D’après les historiens, Alan Turing, a réduit la durée de la guerre 40-45 de 2 ans, sauvant ainsi 14 millions de vies. Déjà une première raison de l’aimer ! Mais le mathématicien britannique, peu connu jusqu’en 2014, date de la sortie du film de Morten Tyldum « Imitation Game » est bien plus que cela ! Père de l’ordinateur et précurseur de l’intelligence artificielle, Turing a apporté énormément malgré la brièveté de son existence, puisqu’il est mort à 41 ans. Dans « La machine de Turing » Benoit Solès met brillamment en scène la vie cet homme hors du commun tout en l’interprétant. Une double casquette que l’artiste arbore à merveille, ce spectacle ayant été couronné d’un triple Molière. Excellent.

Victime d’un cambriolage, Alan Turing (40 ans) porte plainte au commissariat. Le dialogue entre le professeur et le représentant de l’ordre est jouissif : « Appelez-moi prof, comme l’un des cinq nains….Pas d’enfant. A part moi-même. » En fait, ce vol est l’œuvre de l’un des gigolos que Turing entretenait.

La création de Benoit Solès est basée sur la pièce « Breaking the code » de Hugh Withemore.

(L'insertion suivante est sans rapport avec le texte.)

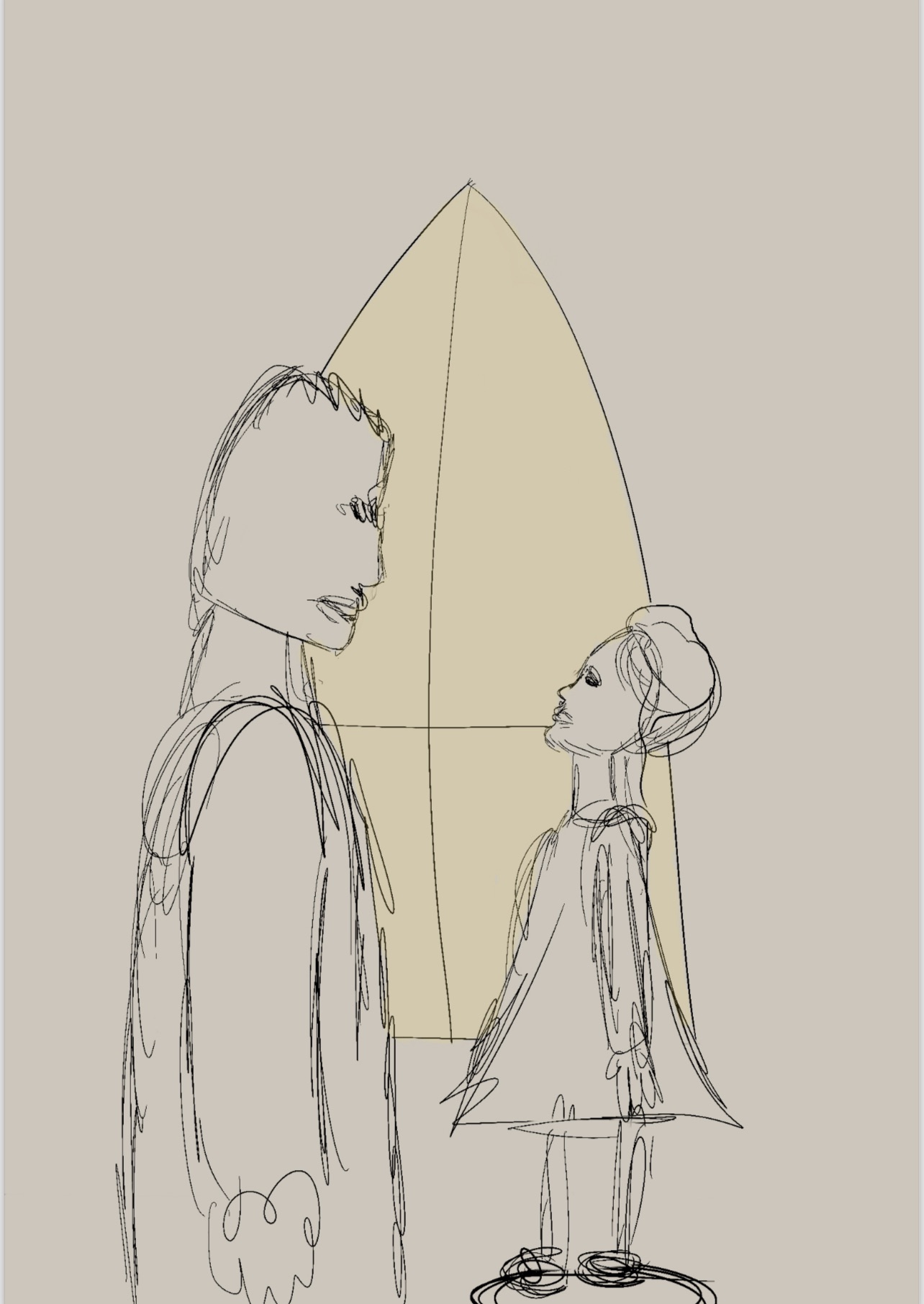 Once I had done the sketch, I moved onto working on the draft for the piece. The draft did not have much done to it because once I got the general set up and details of Jane and the creature down, I began working on the final product of it.

Le film, « Imitation Game », pour ceux qui l’ont vu, est quant à lui basé sur la biographe d’Andrew Hodges « Alan Turing : The Enigma ». Tout ceci donne évidemment envie d’en savoir beaucoup plus.

Juste avant la guerre, en 1939, Turing est intégré à l’équipe de cryptographie de Bletchley Park dans le but d’élucider les codes cryptés de la redoutable machine allemande « Enigma ». Contrairement au film, qui s’intéresse essentiellement au travail du savant sur cette machine, la pièce met en avant l’homosexualité du scientifique.

A l’école, son meilleur ami, aussi doué que lui, s’appelait Christopher Morcom. Mort de tuberculose bovine en 1930, avant que Turing ait pu lui déclarer sa flamme, c’est son prénom que portera la machine élaborée pour décrypter les codes allemands.

Les flashbacks habilement gérés dans un décor unique (bureau du commissariat, étagère parfois transformée par des projections…) permettent aux spectateurs de se familiariser avec la vie de ce sympathique génie. Malheureusement, à l’aube de la guerre froide, sa contribution doit rester secrète. Il ne pourra donc pas s’en servir lorsque qu’on veut le condamner pour homosexualité. On lui donne le choix, soit il va en prison pendant 2 ans, soit il accepte d’être « soigné » à fortes doses d’ œstrogène. Il choisit cette deuxième solution mais se suicide à 41 ans, en 1954. Contrairement à des milliers d’homosexuels, Alan Turing a été réhabilité en 2013 par la reine Elisabeth II et reconnu comme héros de guerre.

Malgré un problème technique le soir de la première, à savoir la démission de l’un des deux vidéo projecteurs, le spectacle en a bluffé plus d’un. Benoit Solès, premier comédien à recevoir simultanément le Molière de l’auteur et du comédien pour cette pièce, est en état de grâce. Il est Alan Turing et le public le sent. Que dire de plus ? Avec un artiste au sommet de son art qui endosse le costume d’un scientifique hors norme, le spectacle ne peut qu’être exceptionnel. A déguster.